The lighthouse at the end of the stone pier at Margate was completely destroyed in the Great Storm of 1953. An unfortunate combination of the storm, a northerly wind, spring tides, and a low pressure over the North Sea combined to wreak havoc along the North Kent coast. In fact although we didn’t know it then the storm was Europe wide, with over 500 people being killed in England and over a 1,000 in Holland. I remember going down to Margate on the morning after the storm.
The whole of the Old Town was flooded with several feet of seawater and it reached right up to the Elizabethan houses in King Street. Policemen were teamed up with harbour boatmen and punting along the flooded roads rescuing people. Down on the sea front the whole coastline was littered with planks and debris from the pier and hundreds of shattered beach huts.

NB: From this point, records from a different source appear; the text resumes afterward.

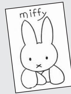
▲ P・N ミッフィー
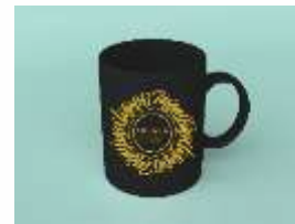
Gambar 21 Mug

Mug menggunakan bahan Keramik berukuran 12cm x 12cm.. Mug digunakan untuk mempromosikan buku secara tidak langsung.
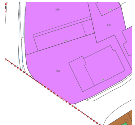
Abbildung 2: Änderung für die 2. öffentliche Auflage.
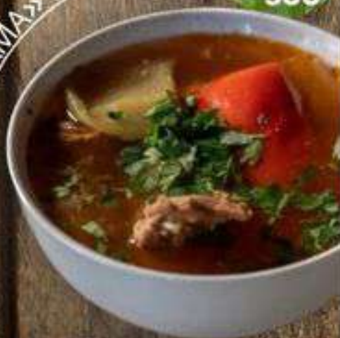
«ХАШЛАМА» ИЗ БАРАНИНЫ

This meant a major change to Margate. Up until this point there were so many ways for the trippers to come down to Thanet. Special trains would run constantly down from London and even down from the north. Coaches, or more correctly Charabancs would flood in by road along with lots of chartered red London buses. There was also a big increase in the number of motorcars on the road and of course a great many motorcycles. The Jetty however brought in hundreds of day-trippers and especially at the weekends, the ships would arrive with crowded decks. The hordes of people would troop off down the jetty to join the multitudes of people flooding down the road from the railway station and coach park, all heading for Dreamland, the amusements, and to try to find a place on very crowded sands. After the storm however this means of access was gone forever, and of course the attraction of walking the along the Jetty and the ‘End of the Pier Show’ was destroyed overnight.
In the early evening of a day in November 1964, fire swept the end of the jetty, destroying the pavilion, it was never rebuilt. The jetty was finally destroyed in a storm in 1978.
The picture was of the harbour the day after the storm. The lighthouse is missing and the planks came from the sun-deck and the iron jetty. I think it was me on the left.